* [WHAT TO WORK ON] From the line that holds "Get the free" down to the last line of the listing below, reproduce each line exactly and nothing more, omitting pictures.

* [PROVIDED DATA]

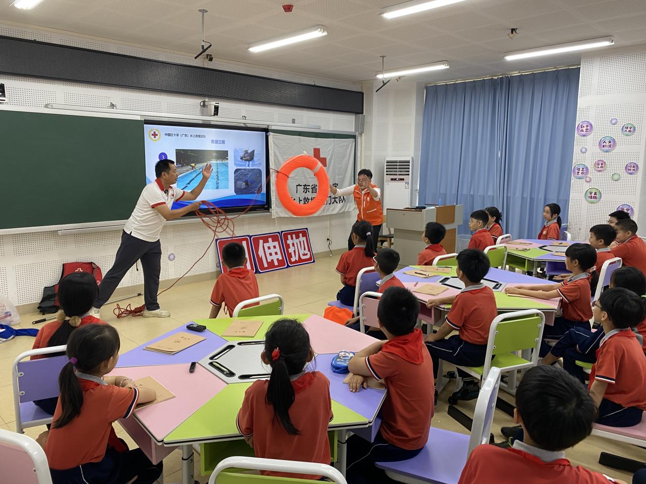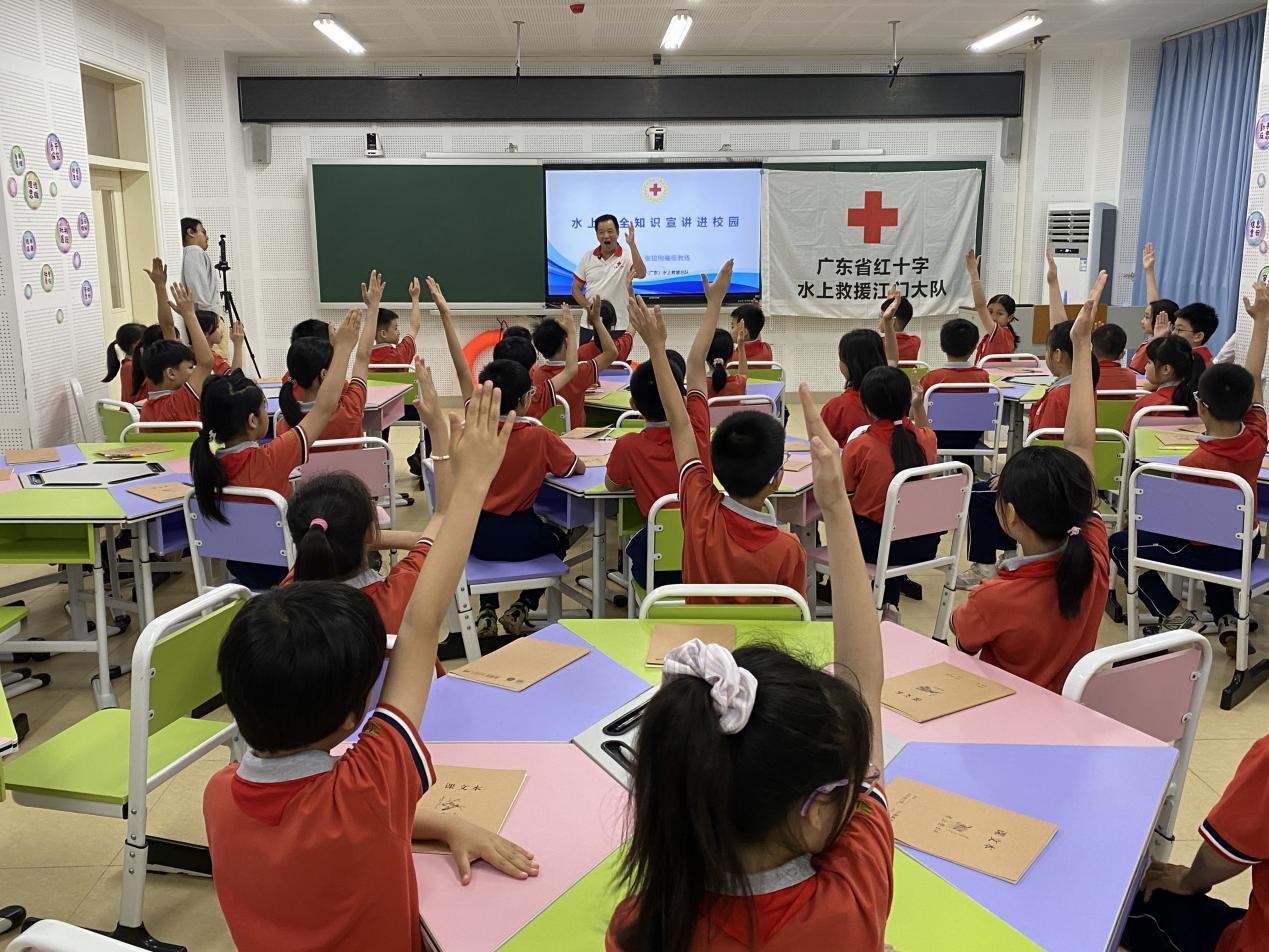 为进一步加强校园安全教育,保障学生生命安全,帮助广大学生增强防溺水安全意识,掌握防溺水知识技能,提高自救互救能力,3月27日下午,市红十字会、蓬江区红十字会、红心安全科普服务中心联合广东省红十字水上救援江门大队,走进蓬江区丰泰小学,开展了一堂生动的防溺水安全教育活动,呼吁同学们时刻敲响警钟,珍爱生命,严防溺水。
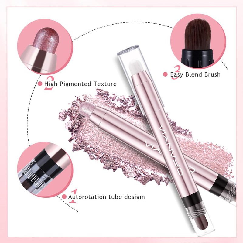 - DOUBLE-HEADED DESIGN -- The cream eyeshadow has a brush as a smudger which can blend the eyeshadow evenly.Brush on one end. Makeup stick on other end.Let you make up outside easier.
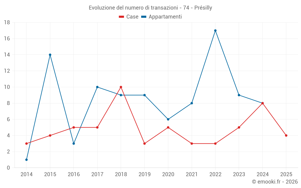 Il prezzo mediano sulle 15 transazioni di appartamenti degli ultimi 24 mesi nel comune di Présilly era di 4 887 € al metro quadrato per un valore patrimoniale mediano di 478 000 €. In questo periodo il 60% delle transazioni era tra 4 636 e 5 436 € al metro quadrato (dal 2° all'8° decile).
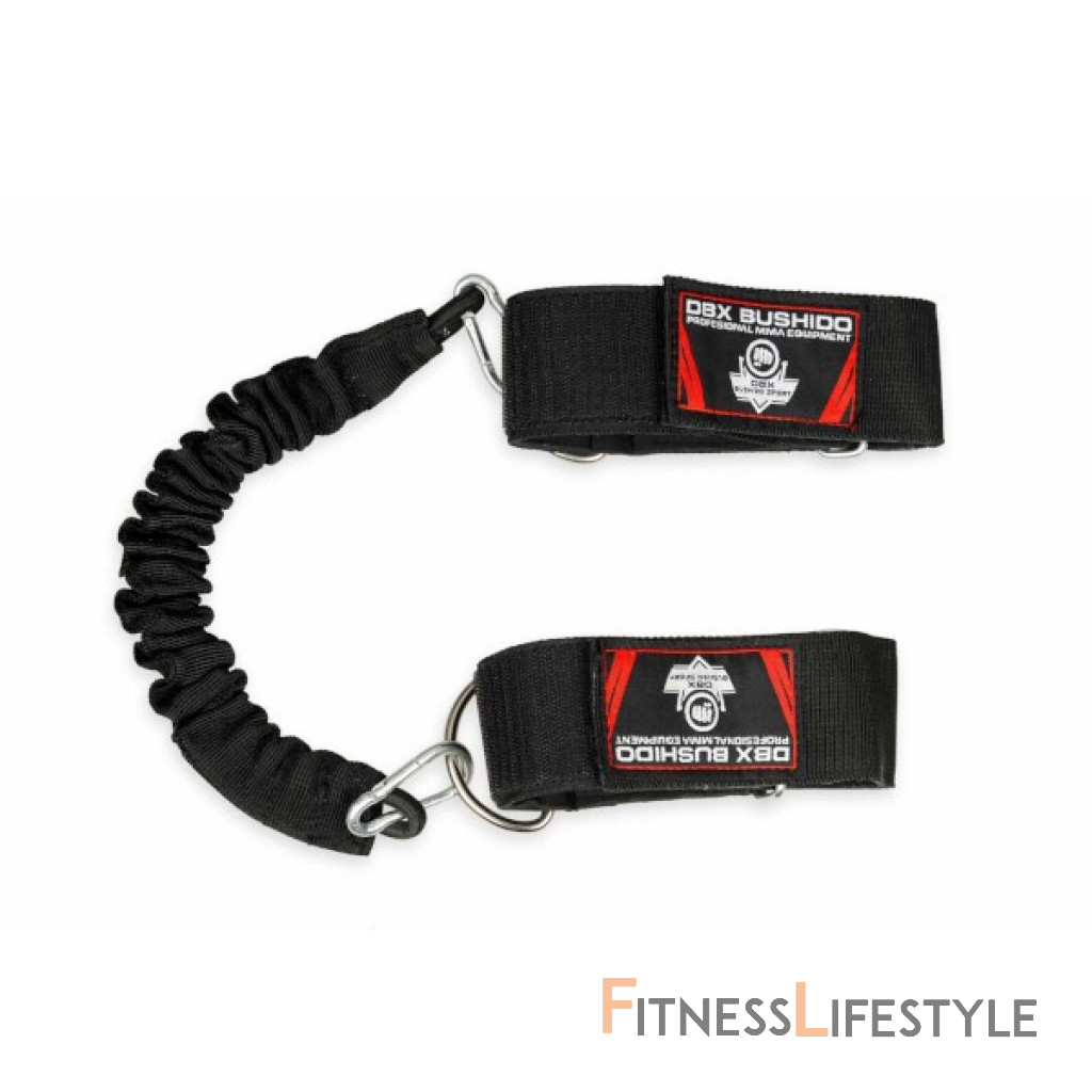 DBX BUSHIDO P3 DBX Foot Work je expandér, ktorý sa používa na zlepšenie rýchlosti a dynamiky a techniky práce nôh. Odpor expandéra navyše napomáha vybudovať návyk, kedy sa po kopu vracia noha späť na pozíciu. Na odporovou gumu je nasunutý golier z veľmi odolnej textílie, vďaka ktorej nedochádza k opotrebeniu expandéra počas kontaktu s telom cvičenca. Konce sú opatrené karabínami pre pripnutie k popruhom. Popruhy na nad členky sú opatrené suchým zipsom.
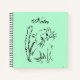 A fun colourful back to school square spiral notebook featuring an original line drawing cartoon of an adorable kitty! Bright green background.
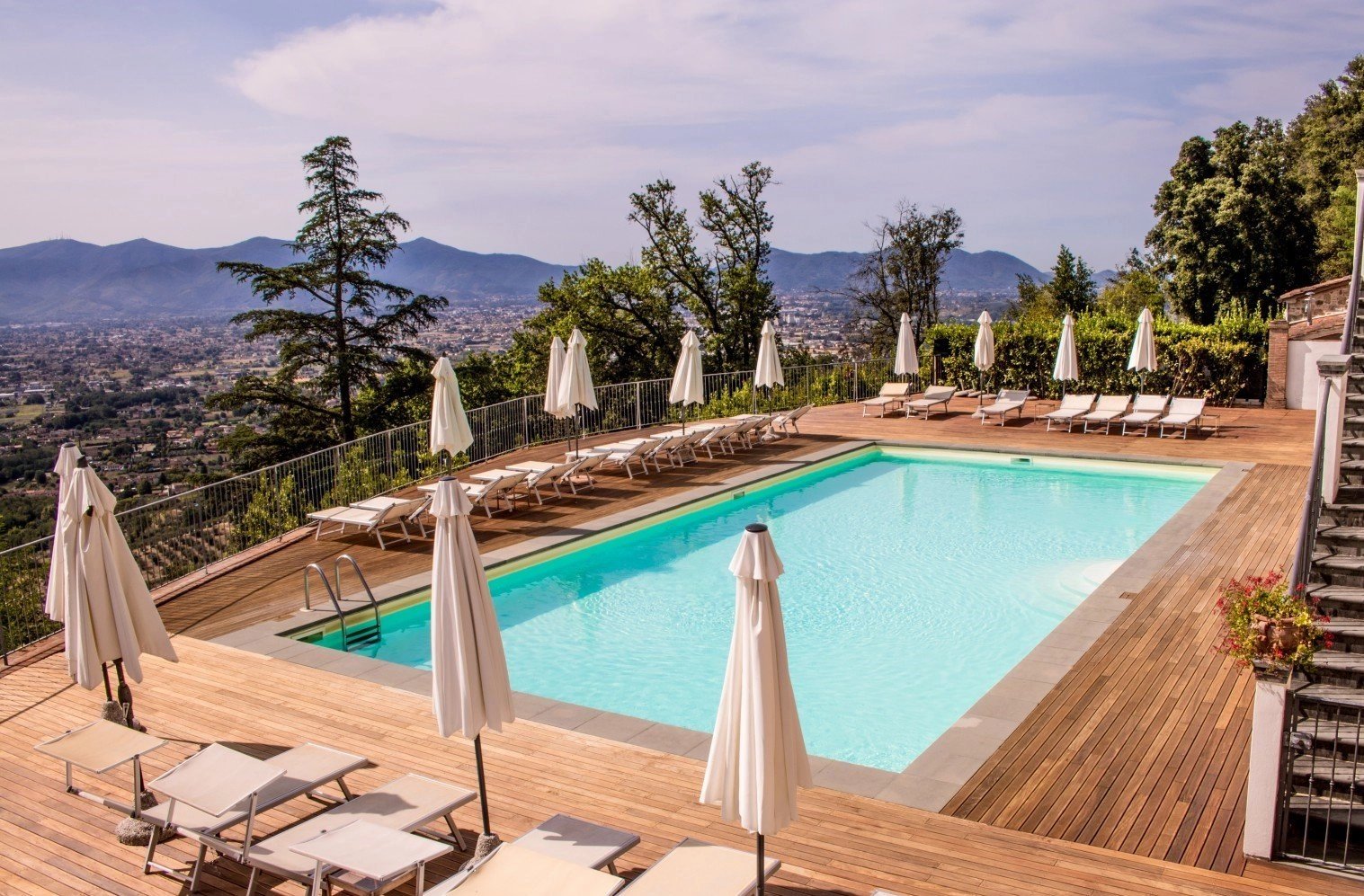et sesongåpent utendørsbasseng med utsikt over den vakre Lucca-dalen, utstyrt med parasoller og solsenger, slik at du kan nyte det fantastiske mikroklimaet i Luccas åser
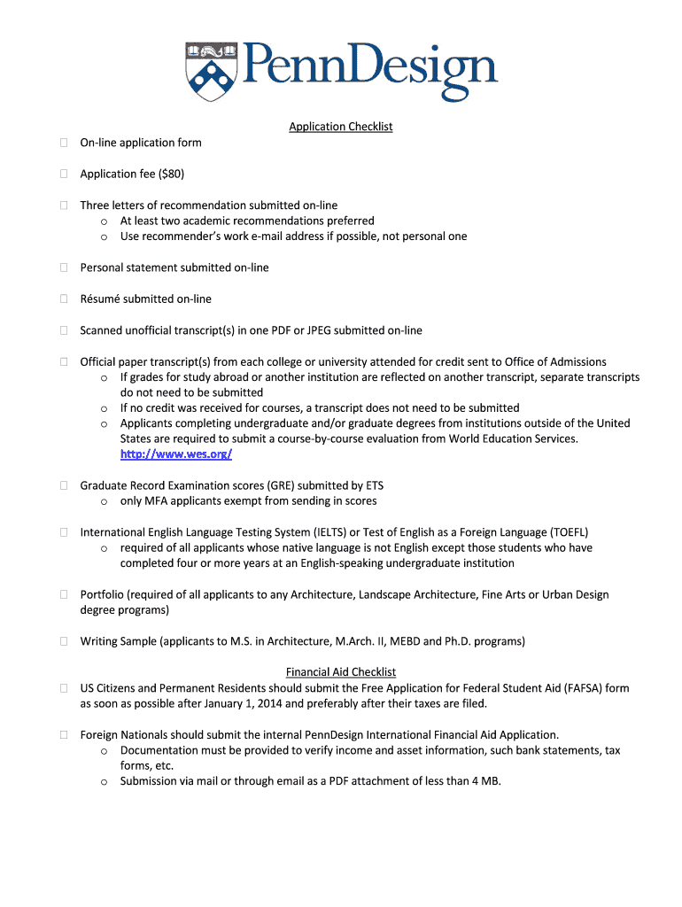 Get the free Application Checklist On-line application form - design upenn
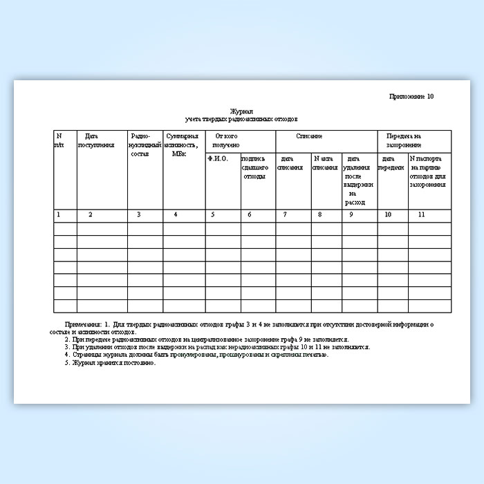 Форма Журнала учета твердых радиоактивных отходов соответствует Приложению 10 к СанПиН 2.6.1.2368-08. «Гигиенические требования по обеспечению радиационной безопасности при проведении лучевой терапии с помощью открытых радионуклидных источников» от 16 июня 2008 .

* [RESULT]
 Get the free Application Checklist On-line application form - design upenn
 Форма Журнала учета твердых радиоактивных отходов соответствует Приложению 10 к СанПиН 2.6.1.2368-08. «Гигиенические требования по обеспечению радиационной безопасности при проведении лучевой терапии с помощью открытых радионуклидных источников» от 16 июня 2008 .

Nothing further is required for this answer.